Nun zur erzählten Geschichte: In Mali herrscht mal wieder eine langanhaltende Dürre, so dass in vielen Familien nicht mehr alle satt werden. So kommt es, dass Amadou und sein jüngerer Bruder Seydou von den Großeltern auf den Weg ins Nachbarland geschickt werden, um ein Jahr lang auf einer Plantage zu arbeiten. Als die Handlung aus Sicht des Icherzählers Amadou einsetzt, sind allerdings schon zwei Jahre vergangen, und Geld haben die Brüder noch keines gesehen. Ein früher Fluchtversuch scheiterte, und so hat es sich Amadou zur Aufgabe gemacht, nicht mehr nachzudenken, nicht mehr zu hadern, sondern seinen für diese Arbeit viel zu jungen Bruder zu beschützen, für ihn mit zu ernten und das Tagessoll zu erfüllen, so dass abends beide wenigstens etwas zu essen bekommen. Mit ihnen arbeiten noch andere Jungs unter denselben menschenunwürdigen Bedingungen. Kontakt oder gar Solidarität gibt es untereinander allerdings kaum, jeder versucht, so gut es eben geht zu überleben. Die Aufseher verbreiten Angst und Schrecken.
Bewegung kommt in diesen tristen Arbeitsalltag, als Khadija auf die Plantage gebracht wird. Das Mädchen ist rebellisch, wehrhaft und offenbar nicht an körperliche Arbeit gewöhnt. Auch ihr Fluchtversuch misslingt und hat grausame Bestrafungen der Aufseher zur Folge. Amadou ist von der „Wildkatze“ einerseits fasziniert, andererseits auch auf der Hut, weil er in diesen neuen Konfliktherd auf der Farm nicht hineingezogen werden will. Er weiß ja, wie sinnlos diese Fluchtversuche sind und hat sich mit seinem Schicksal abgefunden. Eigentlich …
Erst der Unfall seines kleinen Bruders, den zu beschützen seine Lebensaufgabe geworden ist, macht ihm klar, dass sie doch alles auf eine Karte setzen müssen, um von der Plantage wegzukommen. Und damit beginnt eine packende Road Novel.
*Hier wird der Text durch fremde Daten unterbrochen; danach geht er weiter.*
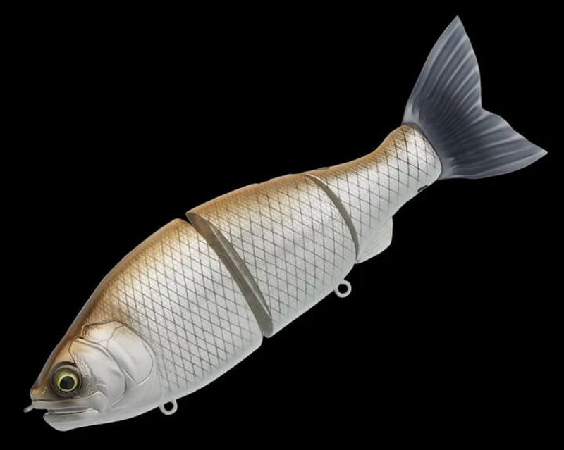 Gan Craft Ratchet 184 is a multi joint, S Swimming swimbait, featuring the newly design 'ROM Tail' from Gan Craft and ROM damper rear joint, as seen in the Jointed Claw Shift 183. A bait of many actions. This lure and can be fished as a slow seed S Swim, a high speed tight retrieve, even a twitch and pause retrieve. Ratchet 184 can be weighted to influence buoyancy and turn the lure from a floating bait into suspend or slow sink bait. Ideal for Murray Cod, Barramundi, Flathead and even big bass.

Tara Sullivan hat einen erschütternden und wichtigen Jugendroman über heutige Arbeitsbedingungen im globalen Süden geschrieben. In klarer, authentischer Sprache lässt uns die Autorin durch die Augen ihres 15-jährigen Protagonisten tief in den brutalen Arbeitsalltag von geschätzten 1,56 Millionen Kindersklaven blicken, einen Alltag, der für uns fast unvorstellbar ist. Das im Peter Hammer-Verlag erschienene Buch erinnert an die Wichtigkeit von Lieferkettengesetzen und weltweitem Arbeitsschutz, besonders für Kinder, auf den wir mit unseren Kaufentscheidungen jeden Tag Einfluss nehmen können.
Man braucht nicht politisch engagiert zu sein, um dieses unglaublich spannende Jugendbuch über Mut, Freundschaft und globale Gerechtigkeit mit großem Gewinn zu lesen – aber vielleicht wird man es danach.